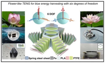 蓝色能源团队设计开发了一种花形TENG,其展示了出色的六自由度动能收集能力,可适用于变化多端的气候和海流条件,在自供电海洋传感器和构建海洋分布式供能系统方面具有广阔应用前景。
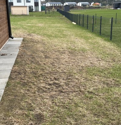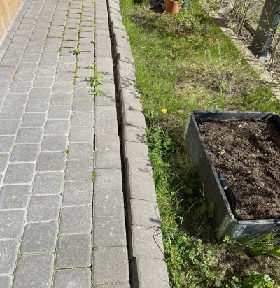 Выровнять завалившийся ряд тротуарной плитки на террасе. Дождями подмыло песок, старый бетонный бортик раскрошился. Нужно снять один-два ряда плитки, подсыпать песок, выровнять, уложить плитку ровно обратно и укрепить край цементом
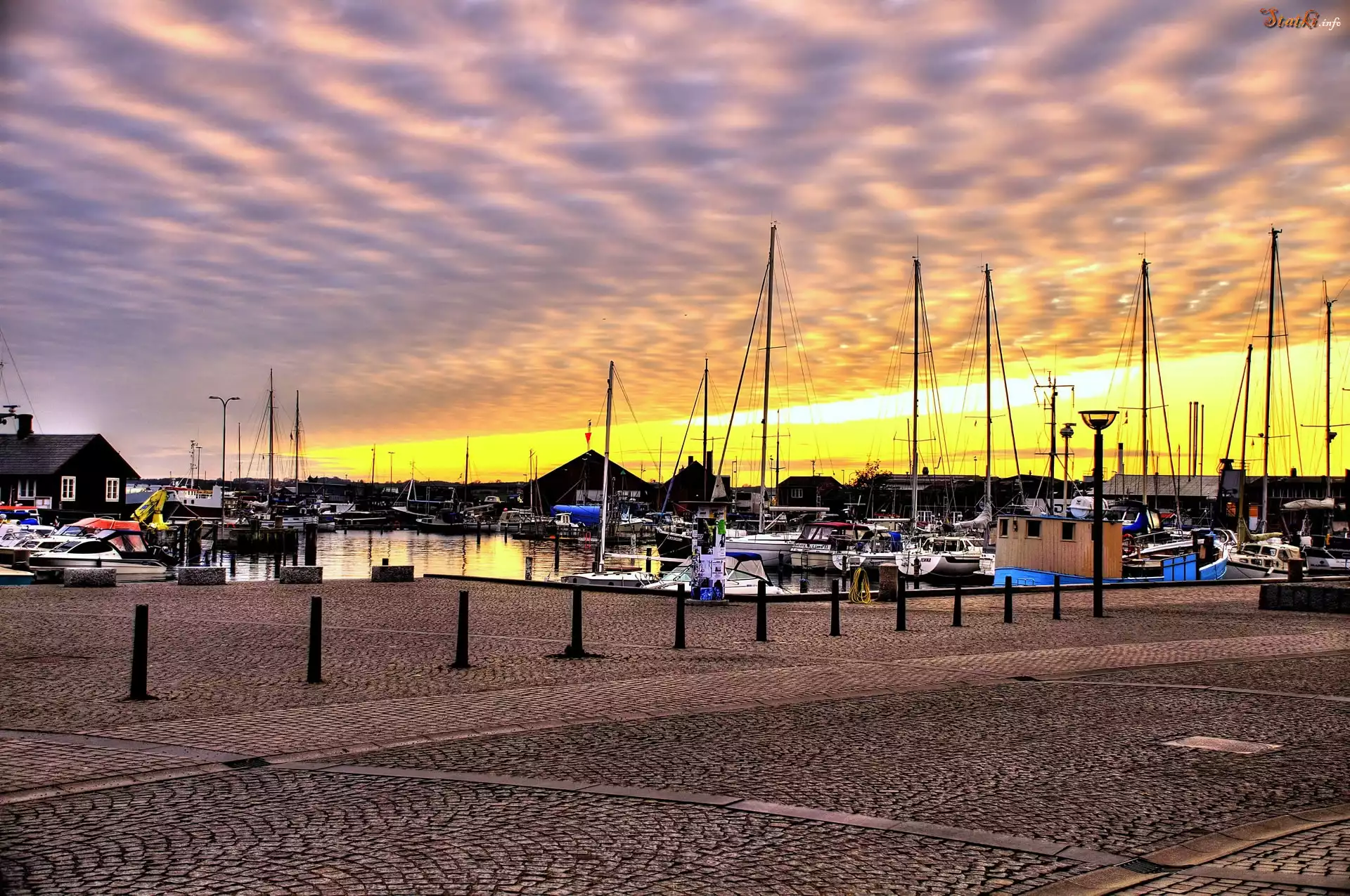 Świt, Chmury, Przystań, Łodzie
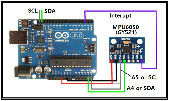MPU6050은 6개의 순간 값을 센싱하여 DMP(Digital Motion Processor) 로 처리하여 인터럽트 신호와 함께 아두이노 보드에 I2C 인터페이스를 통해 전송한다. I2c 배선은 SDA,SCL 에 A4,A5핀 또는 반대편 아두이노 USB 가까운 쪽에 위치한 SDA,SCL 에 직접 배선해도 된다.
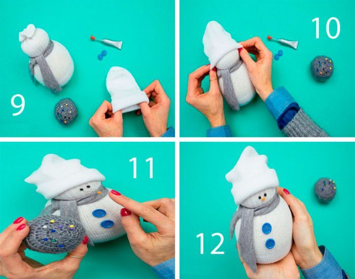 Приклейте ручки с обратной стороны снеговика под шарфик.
__________
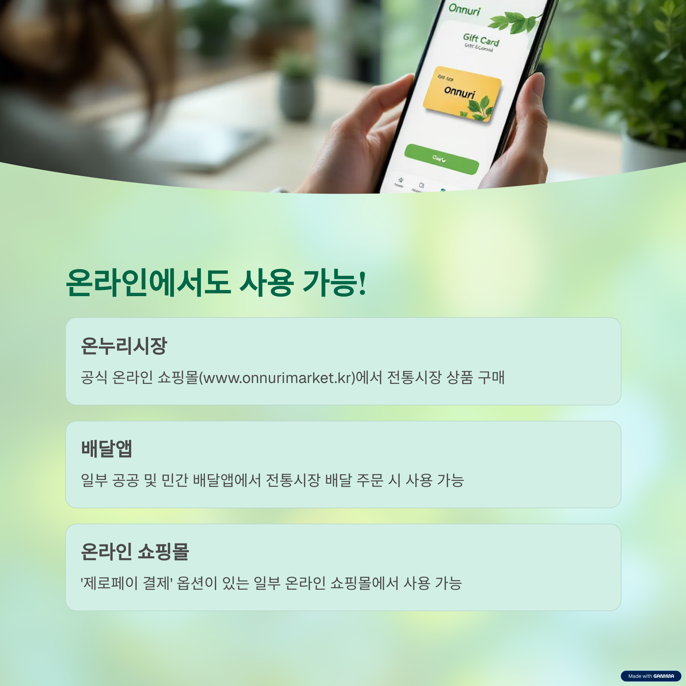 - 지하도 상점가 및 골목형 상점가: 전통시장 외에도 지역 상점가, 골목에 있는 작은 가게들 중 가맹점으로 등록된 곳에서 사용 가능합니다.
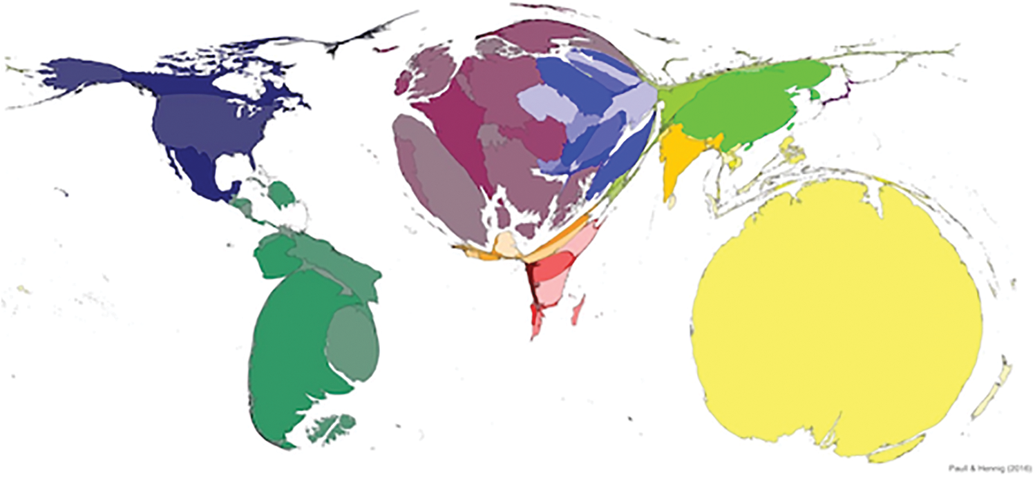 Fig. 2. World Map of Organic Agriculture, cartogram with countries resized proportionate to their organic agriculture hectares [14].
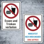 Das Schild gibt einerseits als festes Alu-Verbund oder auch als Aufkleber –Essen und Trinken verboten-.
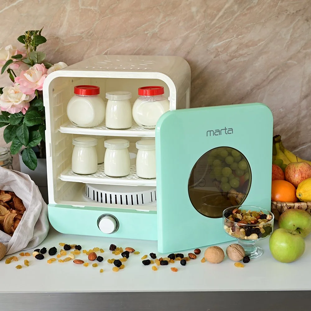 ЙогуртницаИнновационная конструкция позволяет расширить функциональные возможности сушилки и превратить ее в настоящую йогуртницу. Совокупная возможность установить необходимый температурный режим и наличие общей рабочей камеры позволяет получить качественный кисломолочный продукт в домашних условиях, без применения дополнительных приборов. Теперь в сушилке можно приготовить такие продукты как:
__________
* _TASK TO CARRY OUT_
The lines above starting at the one that holds "Świt, Chmury, Przystań, Łodzie" and ending at the one that holds "Приклейте ручки с" are to be written out exactly, ends included, and no pictures are to be copied.

* _RESULT OF THE EXERCISE_
 Świt, Chmury, Przystań, Łodzie
MPU6050은 6개의 순간 값을 센싱하여 DMP(Digital Motion Processor) 로 처리하여 인터럽트 신호와 함께 아두이노 보드에 I2C 인터페이스를 통해 전송한다. I2c 배선은 SDA,SCL 에 A4,A5핀 또는 반대편 아두이노 USB 가까운 쪽에 위치한 SDA,SCL 에 직접 배선해도 된다.
 Приклейте ручки с обратной стороны снеговика под шарфик.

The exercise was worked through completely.